How to complete this task: Only one span of the material below is wanted. Output it exactly, from the line with "Ankle boots are" through the line with "The Portland Side", without any pictures.

Dataset content:
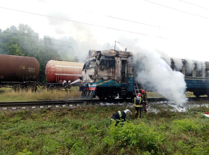 Утром 31 июля в Службу спасения поступило сообщение о том, что возле деревни Тартак Жмеринского района горит один из вагонов (хвостовой, без пассажиров) электрички "Казатин-Жмеринка".
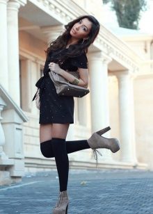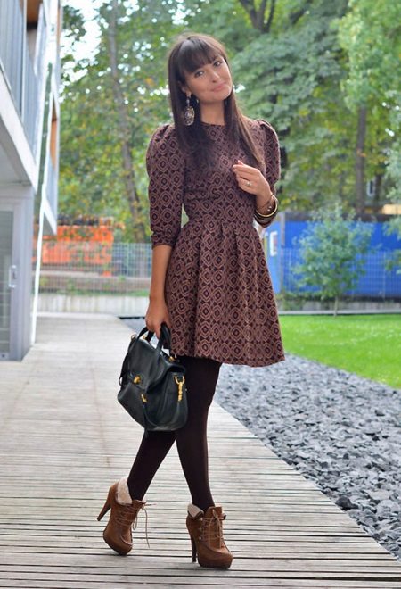 Ankle boots are a great choice for a romantic look. This is especially true for models with lacing. Here you can choose a dress with frills or a dress with puffy skirts, in which you will resemble a princess from a fairy tale. The optimal length for such a product is up to the knees.
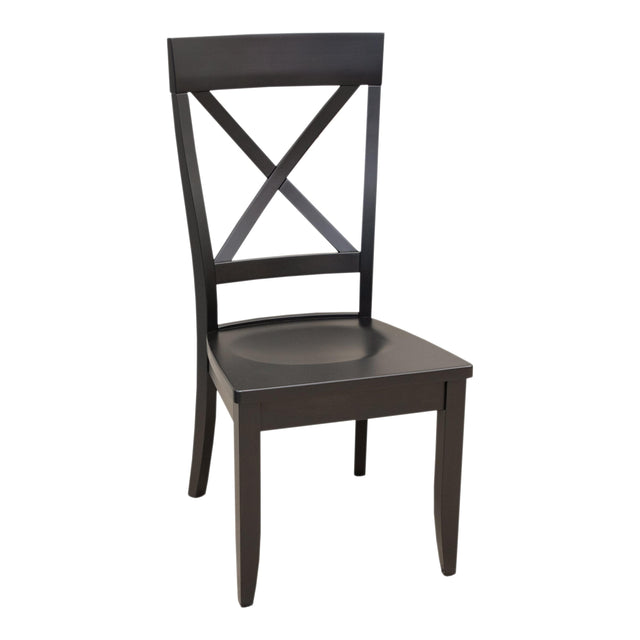 The Portland Side Dining Chair features a sleek X back design and a rounded top board. The Amish-made dining chair is crafted with solid wood, constructed to be durable and long-lasting. The chair can be custom ordered in any wood species and color. Contact a member of our team for more details.
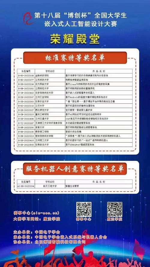 本网讯(信息科学与技术学院 孙昊)7月21日,由中国电子学会主办、中国电子学会嵌入式系统与机器人分会承办的第十八届“博创杯”全国大学生嵌入式设计大赛落幕,我校3名学生组队参赛的“智能分类垃圾桶”作品获得全国“标准赛”组别特等奖。

Solved exercise:
 Ankle boots are a great choice for a romantic look. This is especially true for models with lacing. Here you can choose a dress with frills or a dress with puffy skirts, in which you will resemble a princess from a fairy tale. The optimal length for such a product is up to the knees.
 The Portland Side Dining Chair features a sleek X back design and a rounded top board. The Amish-made dining chair is crafted with solid wood, constructed to be durable and long-lasting. The chair can be custom ordered in any wood species and color. Contact a member of our team for more details.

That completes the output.